Helena’s incredible hair was gathered into a forties’ vintage snood hairnet that matched her dress. Her neck, earlobes and her silken tanned arms were adorned with expensive jewellery that, Oriel suspected, was likely the work of well known Greek goldsmiths – Lalaounis or Zolotas perhaps. She too loved gold and had bought some of these Greek creations at auction over the years. Helena was stunning – like one of the mythological daughters of the night – and suddenly Oriel pitied this beautiful crippled woman. Her moment’s misgiving she decided to put down to unreasonable fears and a fertile imagination. Anyway, she would try to have a pleasant evening and even found herself wondering if, perhaps, she and Damian’s cousin might actually become friends.
‘I thought it would be more enjoyable to dine in the fresh air,’ explained Helena. ‘The weather is pleasant at this time of the evening. It’s not so hot and there is an agreeable breeze blowing from the sea.’
‘Yes, I think so too. It’s a great treat for me, especially as we don’t often have the opportunity to sit outside in England, even during the summer.’
‘Will you join me in a glass of ouzo?’ Helena asked, pointing to a bottle in an ice bucket that stood on a tray beside her with two glasses. ‘It’s a stronger version of the French Pernod, distilled from the residue of the grapes left after the wine is made.’
‘Oh yes, I’ve had ouzo before, the last time I was in Greece.’
‘So this is not your first visit to our country?’ Helena murmured as she poured a little of the clear liquid into the glasses.
‘No, I’ve studied and worked in Greece before.’
‘Ice?’
‘Yes, please.’
‘You speak Greek with almost no accent. Foreigners usually have great difficulty pronouncing some of our words.’ She added a couple of cubes of ice and some water to the drinks, which immediately turned milky white.
‘I read ancient Greek at university before extending my studies to archaeology. I’ve always been fascinated by the Greek civilization.’
A waiter, an ageless-looking black man of colossal frame and stature, bald and with African features, appeared with small plates of mezedes, which he placed in front of them with some bread before w
ithdrawing as silently as if shod in velvet. Oriel thought he looked rather like one of the eunuchs who guarded the harems in A Thousand and One Nights, a fairy-tale figure lost in time, just as this house seemed to be.
Had Helena read the curiosity in Oriel’s face as she had stared at the servant? Anyway, she smiled at the young woman, seemingly amused, and said: ‘Beshir has been with us since the age of twelve. My father brought him back from Turkey, where he was being mistreated. He is a eunuch, an extinct treasure from a different era. Even the Turks and Persians wouldn’t have them in their households today.’
Although Helena’s clarification had proved her analogy right, Oriel was shocked all the same. But was she so surprised? These people seemed to be living in an age almost as old as the antiquities they were excavating.
Helena clinked her glass against Oriel’s. ‘Yassas!’ she said, with that enthusiasm so typical of Greeks. ‘Your health! Did you know that this clinking of glasses originates from an ancient Greek belief that wine should be savoured with all the senses? Its bouquet pleases the nose, its colour the eyes. It delights both touch and taste with its body and flavour, and when we clink our glasses the crystal sound charms our ears.’
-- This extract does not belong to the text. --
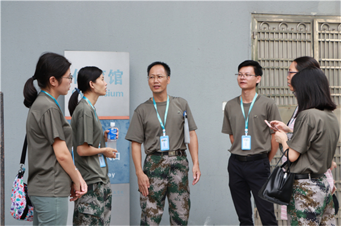 8:30,机械团学工作人员准备摆摊物质。到了10:00,由教官带队到体育馆后方。活动过程中,党总支副书记陈举铭,辅导员老师肖毅、李钰田、黄楚刁、姜雄华、陈凤宜巡视新生军训情况及慰问新生们。

Oriel smiled. ‘I must say, I do like the idea that the habit propagated from Greece to the rest of the world. So much more appealing than the other, more grim, medieval theory.’
‘And what is that?’
‘That the sloshing of the wine into each other’s cups was a symbolic gesture of trust between enemies, that one man trusted the other not to poison him.’
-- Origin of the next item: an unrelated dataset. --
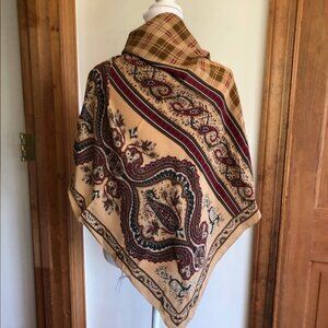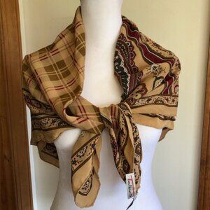 TALBOTS Italian Silk Brown Paisley Plaid Scarf 33" Square

Helena tilted her head to one side, regarding Oriel as though she was a curious exhibit behind glass. ‘How enlightening! I never knew that.’ She took a sip of ouzo and smiled sweetly. ‘You see, you’re quite safe with me, Despinis Anderson.’
Oriel laughed, though to her own ears it sounded a little uneasy. There was something about Helena Lekkas that seemed wholly unpredictable. ‘Have you travelled much outside Helios?’ she asked, then wondered if she had been tactless, glancing at Helena’s slender brown wrist on the armrest of her wheelchair.